A remarkable example of how furniture design can reflect great historical events is provided by the emergence of the Biedermeier
style. … After Napoleon's final defeat at Waterloo in 1815, Europe settled down to a long period of peace. The middle classes, who were prospering, wanted a simpler style, which could be functional as well as beautiful. …

Like most styles, it did not have a name while it was being made, but was only given one after it had been and gone. … The
term Biedermeier came to symbolise the middle classes — reliable, with lots of common sense, in fact very boring ! Bieder is a Geman word meaning common, garden, everyday, [or] plain[, and] Meier (or Meyer) is a common German surname, like Smith.
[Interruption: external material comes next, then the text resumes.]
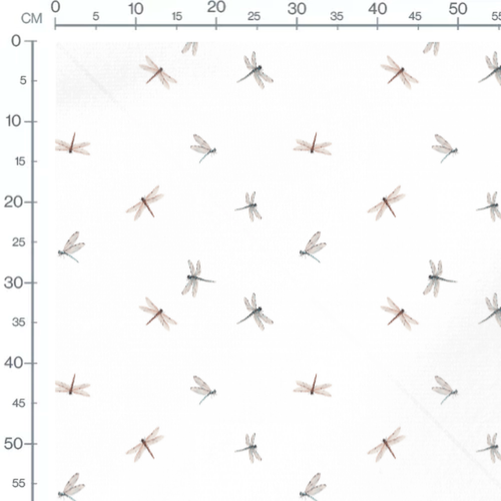 Les libellules sont dessinées avec des détails fins et des nuances douces. Leurs ailes sont légèrement teintées de rose et de gris. Chaque libellule est unique par la position de ses ailes et la couleur de son corps.Les tissus

Biedermeier furniture should not be imagined as an individual movement, but rather as a series of ideas stretching from Vienna to S
ockholm, encompassing most of the German-speaking lands, Scandinavia, Russia, and the Austro-Hungarian Empire. In the early 19th century, there was a tradition of craftsmen travelling around Europe seeking work, which greatly facilitated the spread of these ideas. There are, however, many regional variations to the furniture. South Germany and Austria produced pieces quite unlike those made in Berlin …. North Germany and Denmark were different again. …


Groth, Håkan, 2013, The Biedermeier style,
http://www.rupertcavendish.co.uk/Biedermeier/WhatisBiedermeier/whatisbiedermeier.htm


We're ignorant of the country of origin, maker, type of wood, or even the age of our particular piece. It may date to the original Biedermeier period of the 1820s. Or it may be an example of Biedermeier Revival furniture from the late 19th century, which is considered less valuable. Someday we'll do the research to find out.